Los ciclistas adelantamos la primavera.

Hoy nos reunimos 14 ruteros para disfrutar de un ruteo tradicional, Barriga – María Pinto. El cual realizamos por tercera vez este año.

La ruta es ya conocida por todos los integrantes y el ritmo estuvo suave, despertando del invierno, el ánimo por las nubes y el grupo disfrutó de 75 kilómetros, incluyendo dos ascensos, a Cuesta Barriga.

Cuesta Barriga por su lado sur tiene una longitud de 5,5 km y pendiente promedio de 4,9 %

Nos reagrupamos en el plano del lado norte de la cuesta y seguimos dándole a los pedales.
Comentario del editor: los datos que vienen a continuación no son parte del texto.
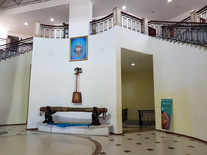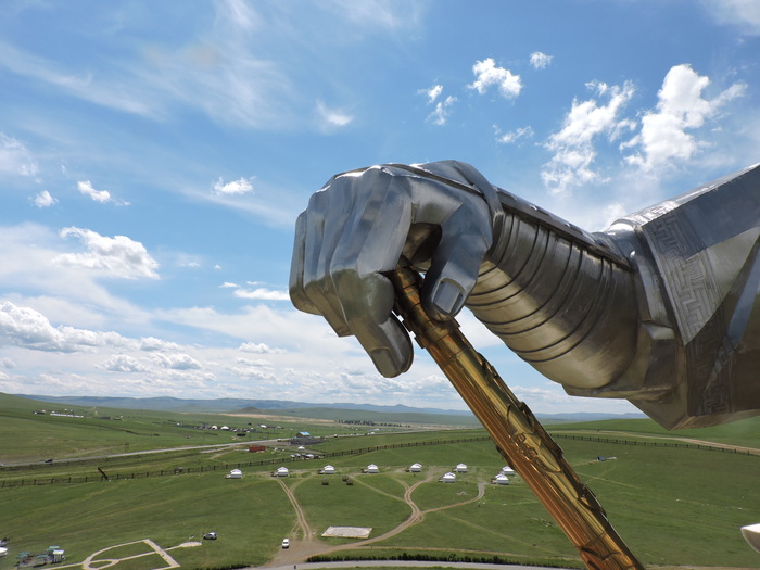 В здании-постаменте статуи есть музей, где представлены самые большие в мире сапог и плётка. Есть кафе (не работало) и сувенирный магазин, где продавец говорит по-английски лучше всех, с кем довелось встретиться за эти дни в Монголии)

Casi 01:50 horas nos toma el ruteo ida y vuelta desde este punto hasta la plaza de María Pinto.

Roberto y Nicolás en la parada de vuelta de María Pinto

Cuesta Barriga por su lado tiene una longitud de 8,5 km y pendiente promedio de 4,8 %

Los promedios de pendiente mencionados deben tomarse como una simple referencia, ya que cada subida tiene sus peculiaridades, y los promedios artiméticos pueden llevarnos a engaño.

Ahora vamos a darle una utilidad a los registros de cada ruteo.

Este años hemos he participado en tres ocasiones de esta clásica: Mayo 6, Junio 10 y Septiembre 9. Obviamente la distancia se mantiene en los consabidos 75 kilómetros.

  Tabla: Registro de Rendimiento Barriga-María Pinto

Fecha

Velocidad

Ritmo Cardíaco

Rendimiento

[km/hr]

[PPM]

V/RC

Mayo 6

26,1

129

0,20

Junio 10

26,7

128

0,21

Septiembre 9

23,3

133

0,18

La velocidad promedio indicada en la tabla es la registrada para el ruteo completo, en lo personal podría hacer lo mismo para los dos ascensos de Cuesta Barriga, pero lo que quiero destacar es el concepto de rendimiento, nótese que el mejor rendimiento se obtiene el Junio, con una mayor velocidad, pero, y esto es lo importante, con un menor promedio de ritmo cardíaco.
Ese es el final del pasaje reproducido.